Histological observation of ovary-like tissues at 4 wk after transplantation and collection of oocytes. The histological appearance of B6-GFP-derived (A) and BDF1-derived (E) tissues was indistinguishable from each other. HE staining of sections. Asterisks indicate polyovular follicles. B and F) GV oocytes isolated from B6-GFP and BDF1 grafts via mechanical dissociation. C and G) MII oocytes obtained via in vitro maturation of these GV oocytes. MII oocytes in both groups developed into the 2-cell stage at a similar rate after ICSI (D: 2-cell stage from GFP-bearing B6-GFP oocytes). However, embryos from BDF1, but not B6-GFP mice, developed into normal offspring after embryo transfer (H; see Table 1). Bar = 100 μm.

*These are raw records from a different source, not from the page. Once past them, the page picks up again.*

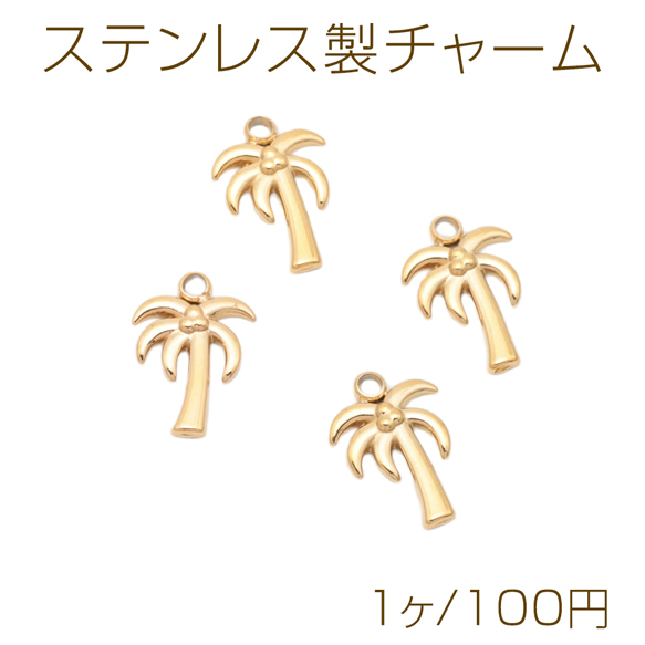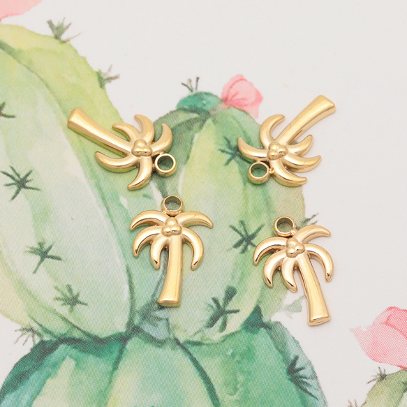 メタルチャーム ヤシの木モチーフ ハワイアン風パーツ ステンレス製 カン付き 9×13mm (1ヶ)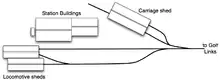 There were two small Bagnall steam locomotives, "Camber" and "Victoria", but in later years a small petrol locomotive was used exclusively.[1]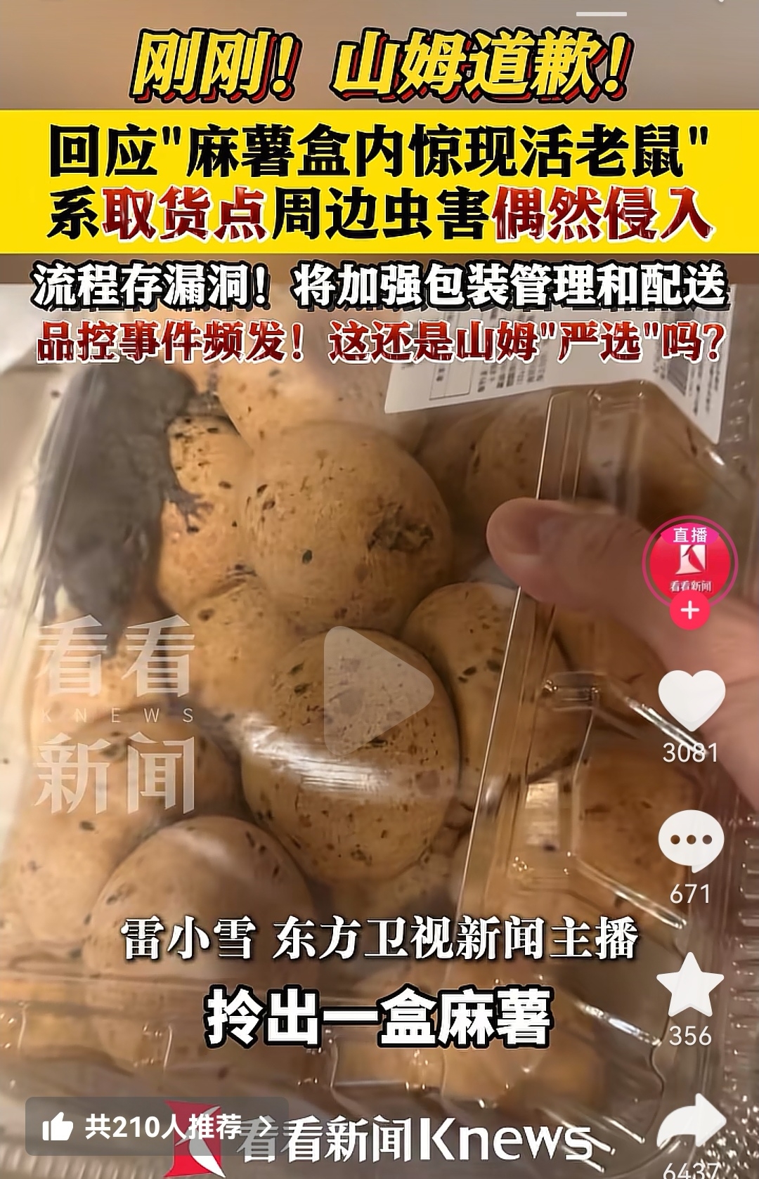 $东方甄选(HK|01797)$ 还对标山姆吗?都出来老鼠了。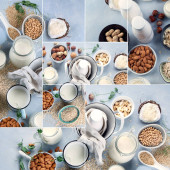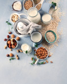 Zdjęcie "Różne wegańskie mleko roślinne i składniki. Mleczny napój zastępczy bez mleka. Zdrowa wegańska i wegetariańska koncepcja diety. Widok z góry " może być wykorzystywane do celów osobistych i komercyjnych zgodnie z warunkami zakupionej licencji Royalty-free. Obraz jest dostępny do pobrania w jakości wysokiej rozdzielczości do 5760x3840.

Production of Pups from BDF1 Graft-Derived Oocytes

To examine the developmental potential of the MII oocytes derived from ovary-like grafts, these oocytes were subjected to ICSI. As shown in Table 1, more than half of the sperm-injected oocytes survived in both the B6-GFP and the BDF1 strains (58.7% and 65.0%, respectively), and most of them developed to the two-cell stage (70.3% and 69.0%, respectively) (Fig. 4D). After these two-cell embryos were transferred into recipient female mice, only 4.8% of B6-GFP/ICSI embryos implanted in the uteri of recipients and no live embryos reached term (Table 1). In contrast, 25.0% (26/104) of the BDF1/ICSI embryos transferred underwent implantation, and six pups (two males and four females) were obtained at term (5.8% per transferred embryo [Fig. 4H and Table 1]). One female pup died after 1 wk, but the remaining five pups grew to adulthood, and both sexes showed normal fertility.

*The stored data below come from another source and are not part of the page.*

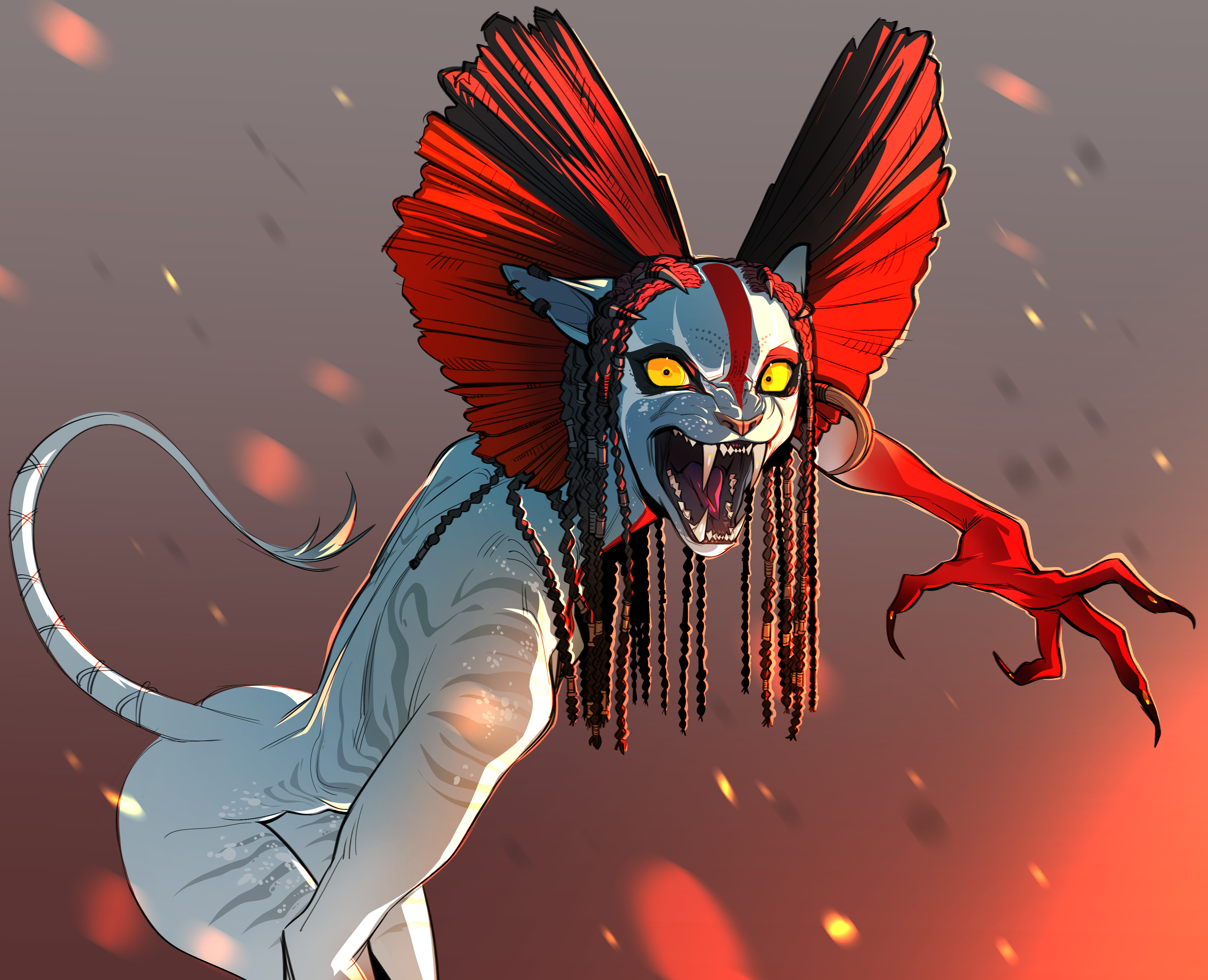 >>732421686I said ape-like:-forward facing eyes to have binocular vision due to moving between tree branches over long distances-highly developed colour vision having to traverse plants of varying shades of of a single colour and knowing what foods are good to eat-high use of the forearms and hands with fingers to manipulate and throw thingsAny creature type can become something like that. Lemurs don't have ape/monkey faces but we know they're a more "primitive" primate due to their snouts still existing, a hold over from our tree climbing rodent ancestors. So something like a cat could become an ape-like creature in design and become a Na'vi with the tail being a holdover of that feline-like ancestor.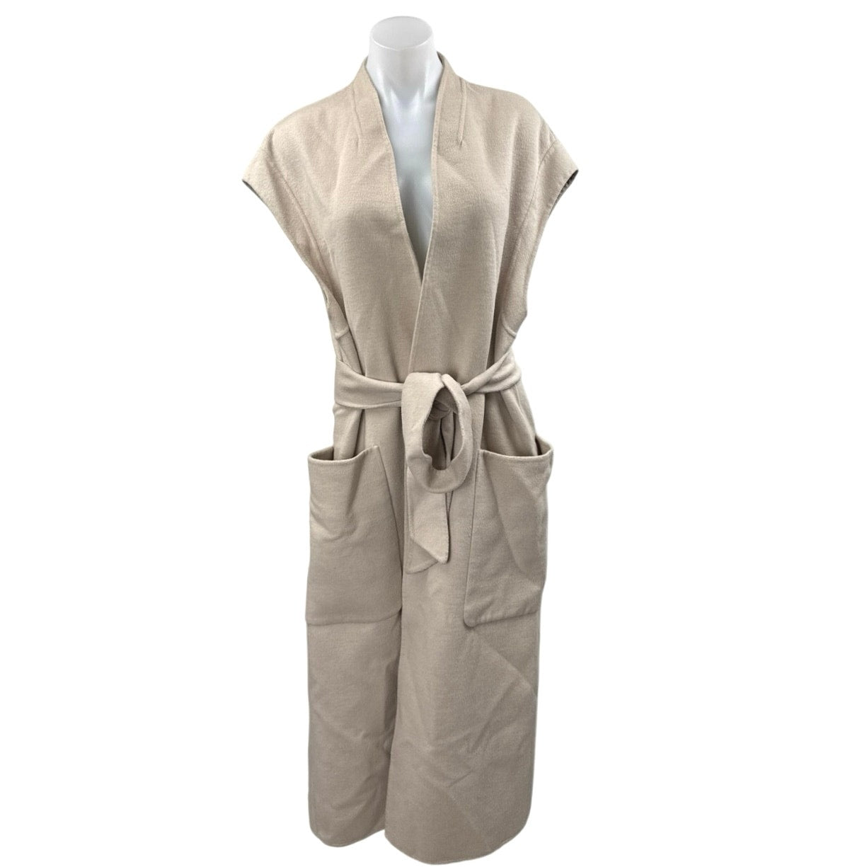 Zara Women's Beige Sleeveless Belted Pocket Long Trench Coat Jacket Size M/L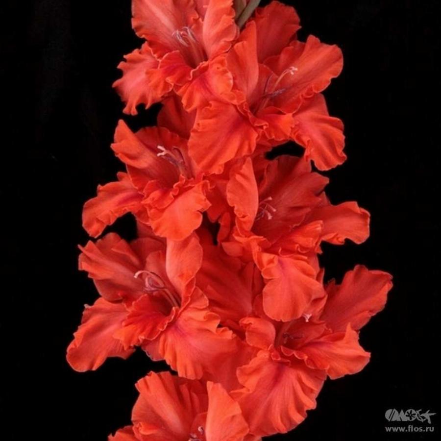 (554, с, Трифанов) Ярко-красный с крупными плотной фактуры цветками. Высокий – 160 см. Отличная срезка.

Serum Hormone Levels in Host Animals

To determine whether the testis- and ovary-like tissues generated under the kidney capsules were endocrinologically functional, we measured the serum levels of testosterone and estradiol in the host animals. As shown in Figure 5, the serum concentrations of these hormones were significantly higher in host animals than in the nontransplanted, ovariectomized animals, although they were still lower than that of intact controls. This finding clearly indicates that the testis- and ovary-like tissues generated under the kidney capsules were also endocrinologically functional.

FIG. 5.

Serum hormone levels of host animals that received male (A) and female (B) gonadal cells under their kidney capsule. The testosterone and estradiol levels in the host animals (TP) were significantly higher compared with those detected in nontransplanted ovariectomized animals (OVX) in both groups, whereas they did not reach the levels detected in intact males and females, respectively (Cont). Asterisks indicate the presence of significant differences between the groups (P < 0.05).